- Activity: I'd like the data below restated word for word, with the pictures left out.

- Supplied material:
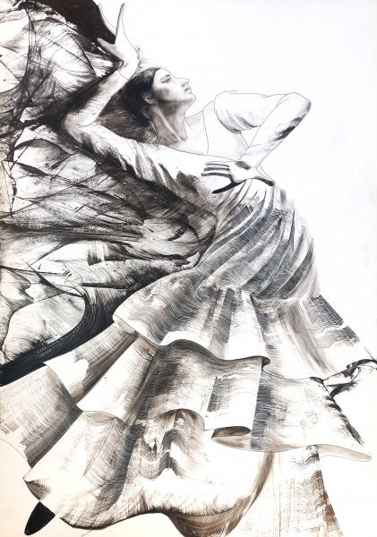 Der energiegeladene Flamencotanz inspirierte den Künstler zu dieser Grafik. Er trägt die ganze Seele der temperamentvollen Spanier in sich. Der Gitarrist spielt meisterhaft sein Instrument, die Menschen um ihn herum klatschen in die Hände und erzeugen einen klaren metrischen Rhythmus, das Mädchen führt ausdrucksstarke choreografische Bewegungen aus und klopft auf Kastagnetten. Alles verschmilzt zu einer einheitlichen kollektiven Aktion, hektisch wie Spanien selbst. Flamenco ist so bezaubernd, dass er niemanden gleichgültig lassen kann. Einige Forscher der Geschichte dieses Tanzes behaupten, sein Name stamme vom Wort „Flamme“, was die Intensität der Flamenco-Leidenschaft sehr deutlich widerspiegelt. Entgegen weit verbreiteten Missverständnissen über die semantische Bedeutung des Flamenco geht es bei diesem Tanz keineswegs um Liebe und Spaß. Der feurige, ausdrucksstarke Flamenco spiegelt das Leid und den Schmerz der Menschen wider, die die Reconquista ertragen mussten.
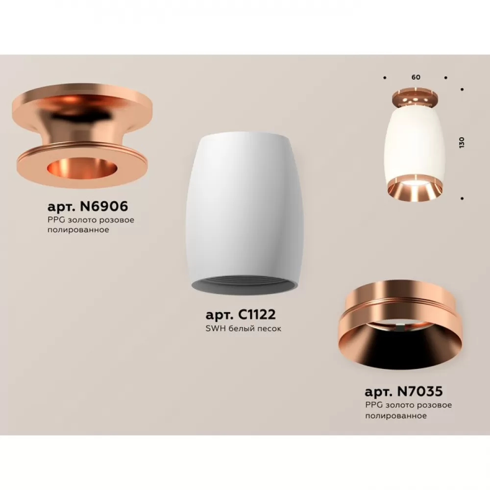 XS1122045 SWH/PPG белый песок/золото розовое полированное MR16 GU5.3 (N6906, C1122, N7035) Комплект накладного светильника
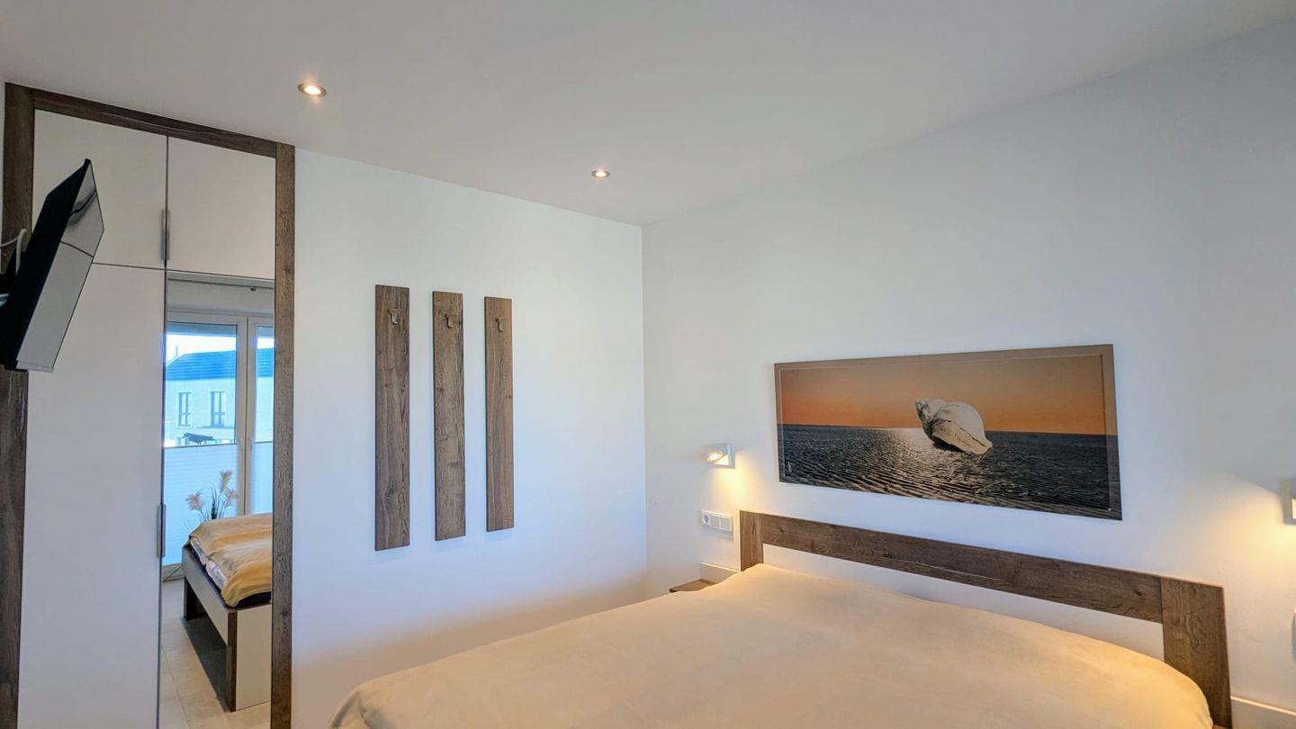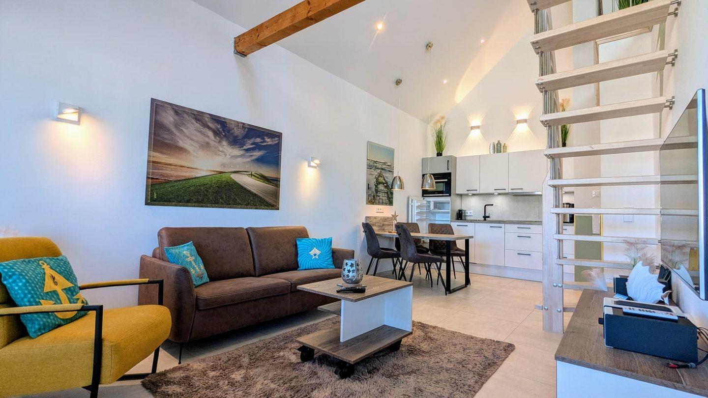 Genießen Sie Ihre Zeit im lichtdurchfluteten Wohnzimmer, das mit einem gemütlichen Sofa, einem Sessel und einem modernen TV-Bereich ausgestattet ist. Für zusätzliche Unterhaltung sorgen WLAN und verschiedene Spiele, die im Apartment zur Verfügung stehen. Auf dem überdachten Balkon können Sie am Morgen bei einer Tasse Kaffee die frische Nordseeluft genießen und den Blick über die Landschaft schweifen lassen.

- Output:
 Der energiegeladene Flamencotanz inspirierte den Künstler zu dieser Grafik. Er trägt die ganze Seele der temperamentvollen Spanier in sich. Der Gitarrist spielt meisterhaft sein Instrument, die Menschen um ihn herum klatschen in die Hände und erzeugen einen klaren metrischen Rhythmus, das Mädchen führt ausdrucksstarke choreografische Bewegungen aus und klopft auf Kastagnetten. Alles verschmilzt zu einer einheitlichen kollektiven Aktion, hektisch wie Spanien selbst. Flamenco ist so bezaubernd, dass er niemanden gleichgültig lassen kann. Einige Forscher der Geschichte dieses Tanzes behaupten, sein Name stamme vom Wort „Flamme“, was die Intensität der Flamenco-Leidenschaft sehr deutlich widerspiegelt. Entgegen weit verbreiteten Missverständnissen über die semantische Bedeutung des Flamenco geht es bei diesem Tanz keineswegs um Liebe und Spaß. Der feurige, ausdrucksstarke Flamenco spiegelt das Leid und den Schmerz der Menschen wider, die die Reconquista ertragen mussten.
 XS1122045 SWH/PPG белый песок/золото розовое полированное MR16 GU5.3 (N6906, C1122, N7035) Комплект накладного светильника
 Genießen Sie Ihre Zeit im lichtdurchfluteten Wohnzimmer, das mit einem gemütlichen Sofa, einem Sessel und einem modernen TV-Bereich ausgestattet ist. Für zusätzliche Unterhaltung sorgen WLAN und verschiedene Spiele, die im Apartment zur Verfügung stehen. Auf dem überdachten Balkon können Sie am Morgen bei einer Tasse Kaffee die frische Nordseeluft genießen und den Blick über die Landschaft schweifen lassen.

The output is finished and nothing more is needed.